:: What is required ::
Transcribe the full listing below, word for word, without pictures.

:: Source material ::
* * *
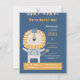 Funny play-on-words "We're Not Li-on!" party invitation in a smaller size for a little boy's one-year-old birthday featuring a proud lion with a blue crown wearing a rainbow shirt in shades of orange-gold and blues with text in matching colours on a dark blue background. The reverse side is a lovely gold-orange. Fill in your own information in the template fields provided.
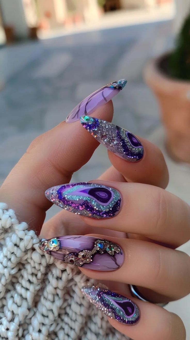Dive into a galaxy-inspired trend with almond acrylic nails showcasing bold purples and intricate gel designs. Accented with shimmering crystals, this look screams high fashion. It’s ideal for evening events where your nails can truly shine. Consider matching with deep purple or metallic accessories for added flair.
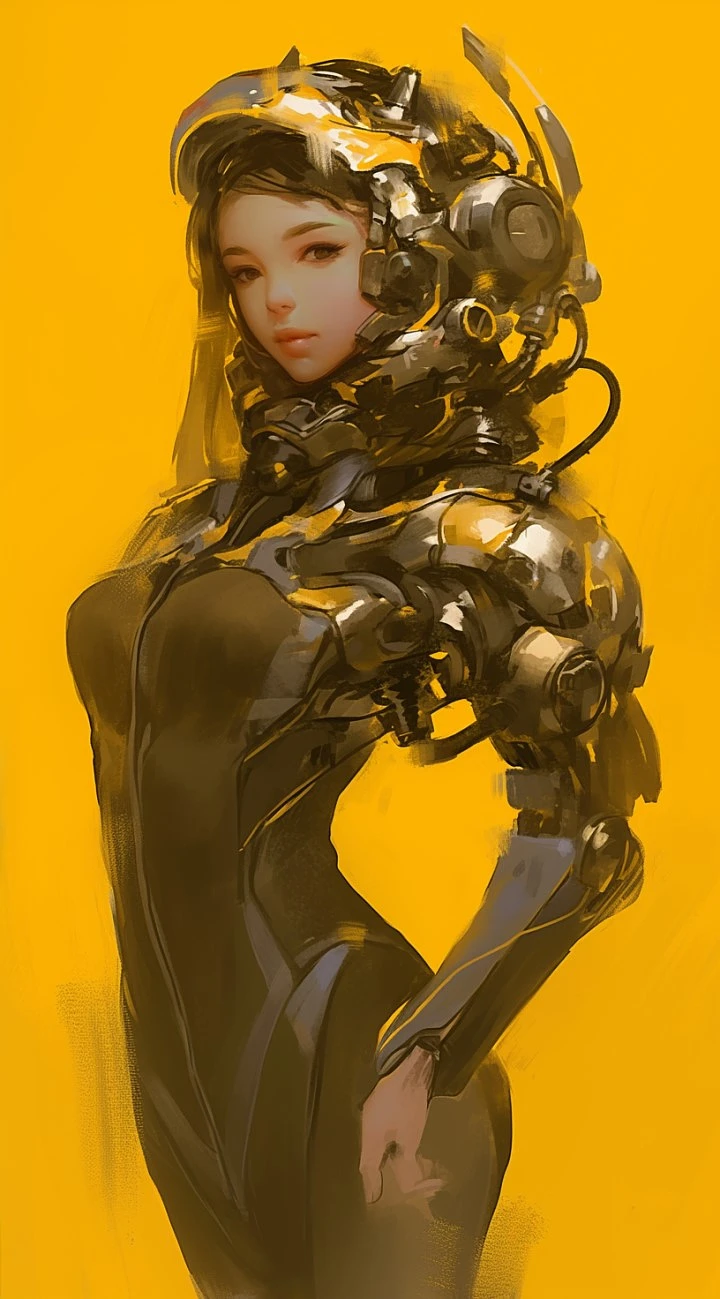 digital art images of beautiful with good form woman in futuristic cybernetic armor, beautiful golden hair , in the style of 32k uhd
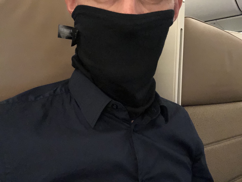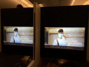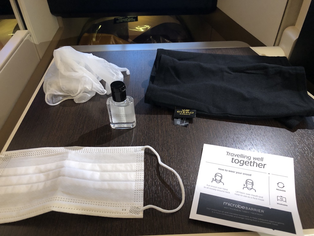 Da die Passagiere der Economy Class nicht durch die Business Class eingestiegen sind, konnten die Flugbegleiter die Zeit nutzen und weitere Dinge verteilen. Ein vollwertiges Amenity Kit gab es für den kurzen Flug nicht. Zu einem Hygienebeutel mit zwei verschiedenen Masken, Handschuhe und Desinfektionsmittel wurden noch Socken sowie eine Schlafbrille ausgehändigt. Interessant war dabei Stoffmaske, die bequem war und auch beim Schlafen nicht weiter störte.
* * *
:: Written response ::
 Funny play-on-words "We're Not Li-on!" party invitation in a smaller size for a little boy's one-year-old birthday featuring a proud lion with a blue crown wearing a rainbow shirt in shades of orange-gold and blues with text in matching colours on a dark blue background. The reverse side is a lovely gold-orange. Fill in your own information in the template fields provided.
Dive into a galaxy-inspired trend with almond acrylic nails showcasing bold purples and intricate gel designs. Accented with shimmering crystals, this look screams high fashion. It’s ideal for evening events where your nails can truly shine. Consider matching with deep purple or metallic accessories for added flair.
 digital art images of beautiful with good form woman in futuristic cybernetic armor, beautiful golden hair , in the style of 32k uhd
 Da die Passagiere der Economy Class nicht durch die Business Class eingestiegen sind, konnten die Flugbegleiter die Zeit nutzen und weitere Dinge verteilen. Ein vollwertiges Amenity Kit gab es für den kurzen Flug nicht. Zu einem Hygienebeutel mit zwei verschiedenen Masken, Handschuhe und Desinfektionsmittel wurden noch Socken sowie eine Schlafbrille ausgehändigt. Interessant war dabei Stoffmaske, die bequem war und auch beim Schlafen nicht weiter störte.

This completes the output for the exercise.